My Dad served 5 years in the U.S. Army as a helicopter pilot in the 101st Air Mobile, 7th Cavalry during the Viet Nam war. I really don't know much about his time in the military other than what my Mother told me because Daddy wouldn't talk about it very much. And I was born long after he returned home and got out of the service.
He tried joining the Air Force, but without a college degree he couldn't be a pilot which was his dream. So he enlisted in the Army, knowing full well he would probably wind up in Viet Nam. With hard work and his passion for flying, he did get to be a FWO and a helicopter pilot....and sent to Viet Nam.
Eventually, he served 2 tours of duty there, the first as a pilot of a Huey "slick", a troop transport helicopter with no armament other than two 30 cal. machine guns mounted in the doors. His second tour he flew a Huey "dustoff" med-evac helicopter. He was shot down 3 times, and once the only survivor of the crash.
He had no brothers and only one sister. But he had a cousin that he grew up with. They were almost the same age, only a few months apart. On their first day of school in the first grade, they rode the school bus together. They smoked their first cigarette together out behind the barn when they were 12 years old. And my Grandpa busted both their butts when he found out about it!

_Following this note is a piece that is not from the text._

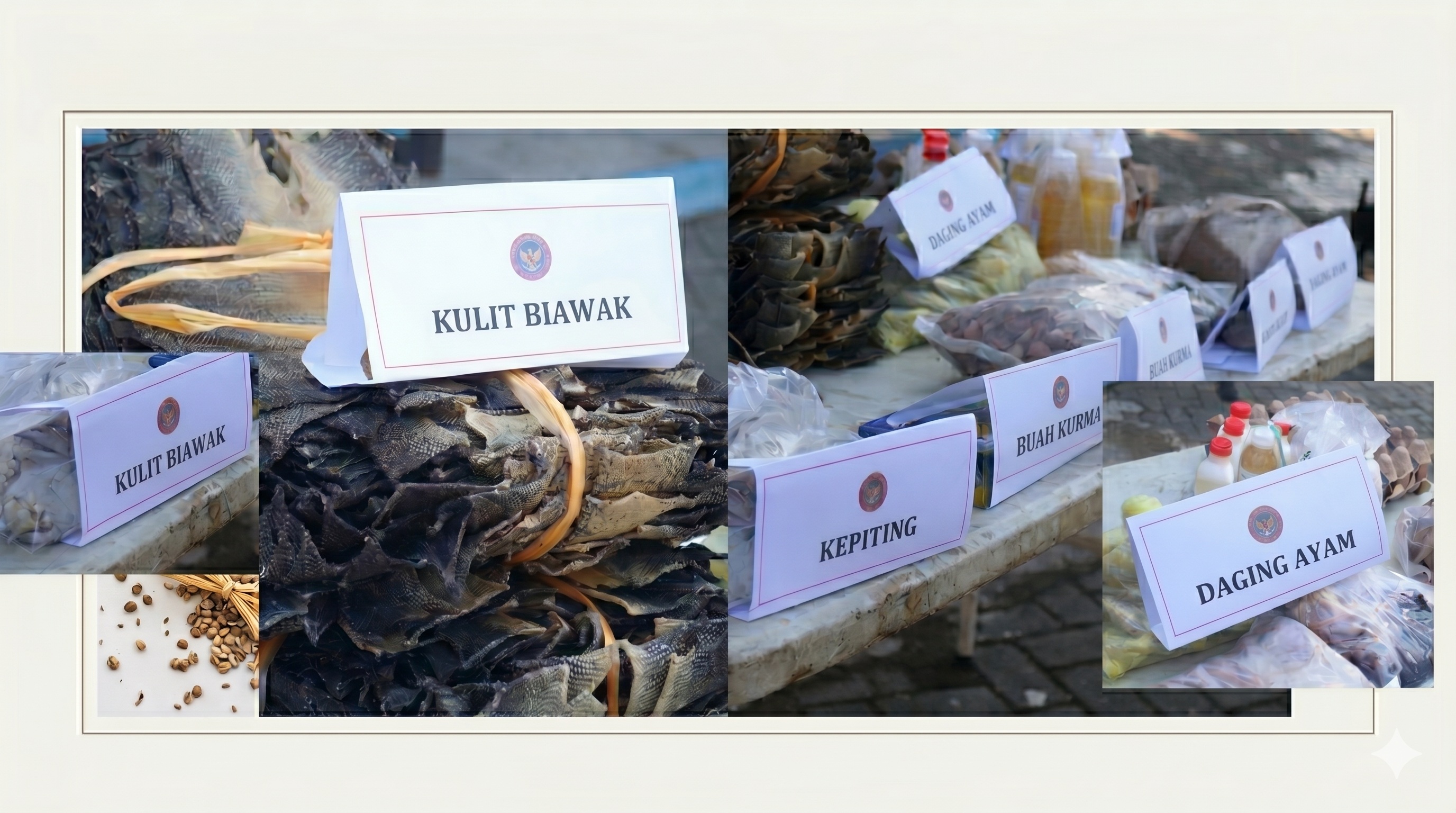 Kulit biawak sebanyak 1.984 lembar tersebut merupakan hasil serah terima dari Bea Cukai Teluk Nibung pada 9 Februari 2026. Selain kulit biawak, terdapat pula berbagai komoditas yang disita dari hasil penahanan penumpang kapal feri rute Malaysia–Indonesia. Barang-barang seperti buah, sayur, serta produk hewan dan ikan tersebut merupakan barang bawaan penumpang yang tidak disertai sertifikat kesehatan dari karantina negara asal.

When they were 16, my Dad and his cousin hauled hay and used the money to buy their first car together, a 1959 Ford station wagon. My Dad's first date with my mother was a double date with his cousin and his girlfriend in that old Ford. Later on, my Dad and his cousin graduated from the same high school class together.
When Daddy joined the Army, his cousin was there too. They went through boot camp together, AIT (advanced infantry training) together, OCS (Officer Candidate School) together and through helicopter pilot training at various camps and forts together.
Eventually, they wound up in Viet Nam together. And on one paticular mission to pick up some ground troops, my Dad's helicopter was shot down by Viet Cong small arms fire. His cousin, in another helicopter, turned around to try and pick up my Dad and his co-pilot. And my Dad saw his cousin die when a VC rocket exploded in his cousin's helicopter about 50 yards from where my Dad was.
A few weeks ago, I went to the cemetary to visit Mama on Mother's Day. Tomorrow, I'm going back to put another yellow rose on her grave and put a small flag on Daddy's grave. And about a 100 feet from them, l'm going to put a flag on cousin Billy Wayne's grave too.